Output only the stretch of the listing that starts at the line containing "KARIBANA TORRE 1 Y 2" and ends at the line containing "Galería de imágenes", reproduced exactly with both ends.

(TASK MATERIAL):
▼

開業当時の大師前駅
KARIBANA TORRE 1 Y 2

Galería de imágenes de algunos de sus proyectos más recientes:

▲
▼

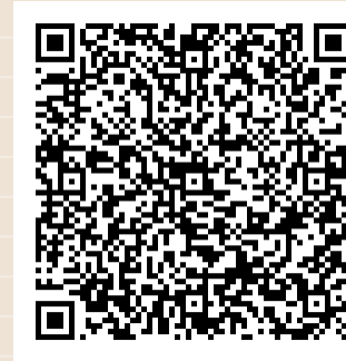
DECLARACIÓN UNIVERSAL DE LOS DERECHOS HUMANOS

▲

(REPLY TO THE TASK):
KARIBANA TORRE 1 Y 2

Galería de imágenes de algunos de sus proyectos más recientes:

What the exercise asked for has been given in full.